State visit by Jiang Zemin to Germany, Libyan, Nigeria, Tunisia and Iran
- Date: April 8 to 22, 2002
- Venue: Berlin, Potsdam, Dresden, Wolfsburg, Tripoli, Abuja, Shiraz and Tehran
- Organised by: Government of Germany; Great Socialist People's Libyan Arab Jamahiriya; Government of Nigeria; Government of Tunisia; Government of Iran; Government of China;

= State visits by Jiang Zemin to Germany, Libya, Nigeria, Tunisia, and Iran =

2002 diplomatic event

At the invitation of President Johannes Rau of the Federal Republic of Germany, Colonel Muammar Gaddafi, Leader of the Great Socialist People's Libyan Arab Jamahiriya, President Olusegun Obasanjo of the Federal Republic of Nigeria, President Ben Ali of the Republic of Tunisia, President Seyed Mohammad Khatami of the Islamic Republic of Iran, Chinese President and General Secretary of the Chinese Communist Party Jiang Zemin paid a state visit to these five countries from April 8 to 22, 2002. During the visit, China signed several cooperation agreements with the three countries, encompassing diverse sectors such as trade and economy, culture, agriculture, science and technology, education, oil and gas, telecommunications, and transportation.

== Germany ==
On the afternoon of April 8, Chinese leader Jiang Zemin arrived in Berlin plane and began the state visit to Germany. On April 9, German President Johannes Rau held a grand welcoming ceremony at the Presidential Palace to welcome Chinese President Jiang Zemin. President Johannes Rau and President Jiang held discussions on the political, economic, cultural, educational, legal, and environmental relations between China and Germany. Following their talks, the two countries signed an agreement on the mutual recognition of higher education degrees and a summary of discussions regarding the mutual establishment of cultural centers.

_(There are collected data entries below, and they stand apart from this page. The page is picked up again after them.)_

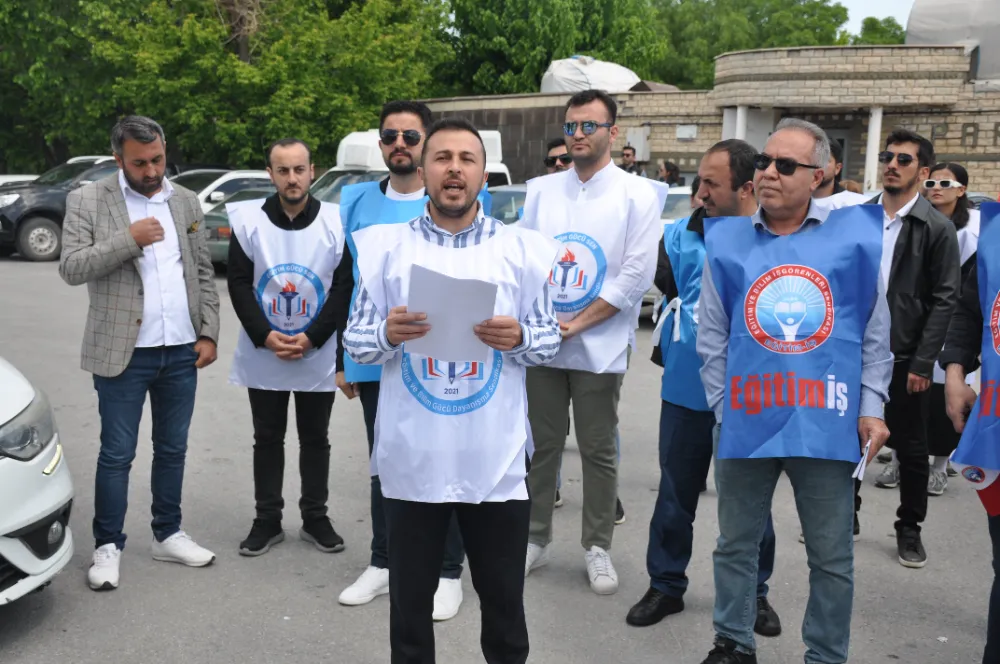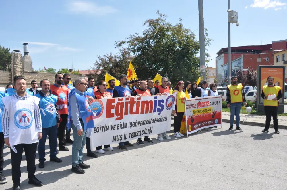 Eğitim Gücü Sendikası Muş il Başkanı Emrah Kaplan ise, okullarda artan şiddet vakaları karşısında sessiz kalmayacaklarını söyledi. Başkan Kaplan, “İstanbul’da okulda uğradığı silahlı saldırı sonucu vefat eden Okul Müdürümüz Sayın İbrahim Oktugan’a Allah’tan rahmet, ailesi, sevenleri ve eğitim camiamıza baş sağlığı diliyoruz. Eğitim kurumlarında görev yapan öğretmenler, idareciler ve eğitim çalışanları olarak, artan şiddet vakaları karşısında sessiz kalmayı reddediyoruz. Son dönemde eğitim kurumlarında yaşanan şiddet olaylarının artması, sadece bireysel değil, toplumsal bir sorun haline gelmiştir. Eğitim çalışanlarına yönelik yapılan fiziksel ve sözlü saldırılar, sadece çalışanların sağlığını tehdit etmekle kalmıyor, aynı zamanda öğrenci ve velilerin de güvenliğini tehlikeye atıyor. Milli Eğitim Bakanlığına sesleniyoruz: Eğitim çalışanlarının can güvenliği artık birinci öncelik olmalıdır. Gerekli önlemlerin alınması ve şiddetin her türlüsüne karşı sıfır tolerans politikasının benimsenmesi gerekmektedir. Eğitim çalışanlarına yönelik şiddetin ciddiyetinin farkında olduğumuzu ve bu sorunun çözümü için adım atılması gerektiğini vurguluyoruz. Eğitim çalışanlarının insanca yaşayabilecekleri bir çalışma ortamı sağlanmalı ve hak ettikleri değeri görmelidirler. Eğitim Gücü Sen olarak, 9-10 Mayıs 2024 tarihinde iki günlük iş bırakma eylemi gerçekleştireceğimizi duyuruyoruz. Bu eylem, eğitim çalışanlarının haklarına sahip çıkma ve sesimizi duyurma adına bir adımdır. Bu basın açıklamasıyla, ‘Eğitim Çalışanlarına Şiddet Yasası’nın bir an önce çıkarılmasını talep ediyoruz. Okullarımıza yeterli sayıda güvenlik görevlisi temin edilmesini istiyoruz. Bu yasal ve somut adımlar atılmadan, eğitim çalışanlarının güvenliği sağlanamaz. "Yarın da sen olabilirsin, öğretmenim" diyerek, hepimizin bu tehlikelere karşı savunmasız olabileceğini hatırlatıyorum. Hiçbirimiz bu tür bir tehlike ile yüz yüze kalmayı hak etmiyoruz. Eğitim Gücü Sendikası olarak, eğitim çalışanlarının güvenliği için mücadelemizi sürdüreceğiz. Bu zorlu mücadelede tüm eğitim çalışanlarını yanımızda görmek istiyoruz. Çünkü unutmayın, eğitim herkesin hakkıdır ve eğitimde şiddetin yeri yoktur” diye konuştu.
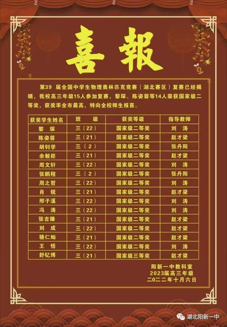 在2022年第39届全国中学生物理竞赛(复赛)湖北赛区中,阳新一中学子喜获佳绩!黎琛、陈姿蓉等14名同学荣获全国物理竞赛(复赛)二等奖,1名同学获全国物理竞赛(复赛)三等奖,参赛15人均有获奖。其中黎琛、陈姿蓉、胡钊学、余毅菘、周文轩等5名同学位列二等奖前100名;二等奖前200名阳新一中11人,二等奖层次阳新一中获奖率全市最高!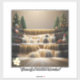 A minimalist Christmas scene featuring a golden waterfall, symbolising serenity and power. Subtle holiday elements like a decorated tree, ornaments, and a snowman blend with a soft textured background, creating a peaceful and festive atmosphere. "Original Image was generated by Meta AI. AI generated artwork. Licensed under CC BY-SA 4.0."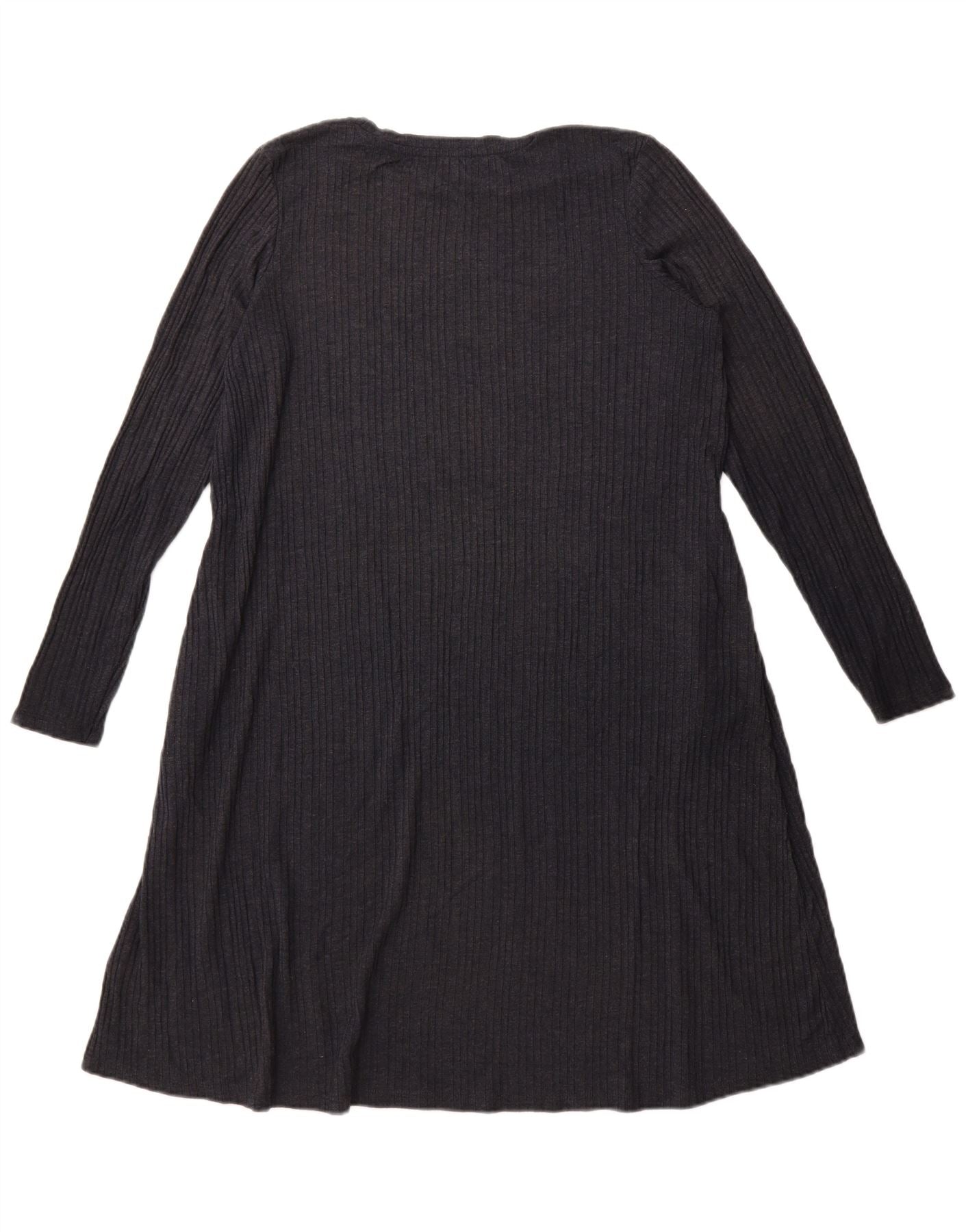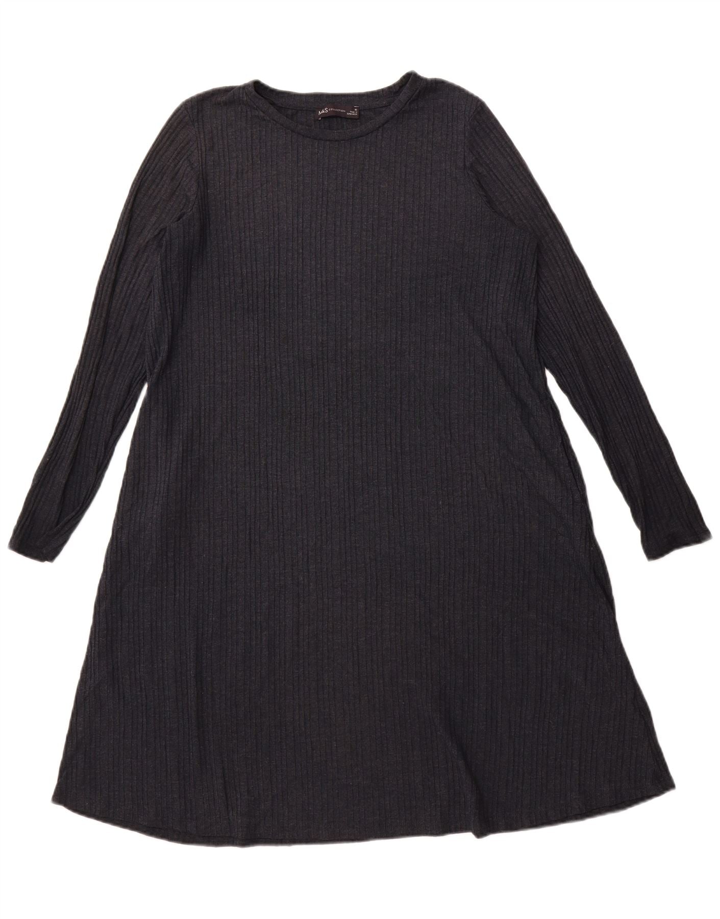 - AI Description: This Marks & Spencer womens A-line dress is crafted from a comfortable grey ribbed knit fabric. The blend of polyester and viscose offers a soft feel with stretch for ease. It features a classic round neckline and long sleeves. The relaxed fit gently flares into an A-line silhouette, ensuring comfort and a flattering drape. This pullover style is simple yet elegant.

On April 10, President Jiang came to visit Potsdam and the Charlottenhof Palace where the Potsdam Declaration was signed. At noon, President Jiang attended a welcoming banquet hosted by the Ministerpräsident of the state Brandenburg, Manfred Stolpe, after which he visited the Sanssouci. President Jiang also attended and delivered a speech at a banquet held by the Asia - Pacific Committee of the German Economy in Berlin. He emphasized that in the 21st century, China's advancement of its third phase of modernization and the promotion of its western region development strategy will create new opportunities for enhancing economic and technical cooperation with other countries, including Germany. He also welcomed the international business community to engage in various forms of economic and technical collaboration in China.

On April 11, President Jiang left Berlin and arrived in Dresden, capital of Saxony, to continue his state visit to Germany. the Minister-President of Saxony Kurt Biedenkopf greeted him at the airport. On April 12, President Jiang arrived at Hannover Airport, where he was greeted by Sigmar Gabriel, the Minister-President of Lower Saxony. On the same day, President Jiang visited the assembly plant of Volkswagen in Wolfsburg. In the evening, President Jiang met with Sigmar Gabriel, and visited the historic old town of Goslar, Lower Saxony.

== Libya ==
On April 13-14, Jiang Zemin paid a state visit to the Great Socialist People's Libyan Arab Jamahiriya and held talks with Libyan leader Gaddafi. This was the first visit to Libya by a Chinese paramount leader.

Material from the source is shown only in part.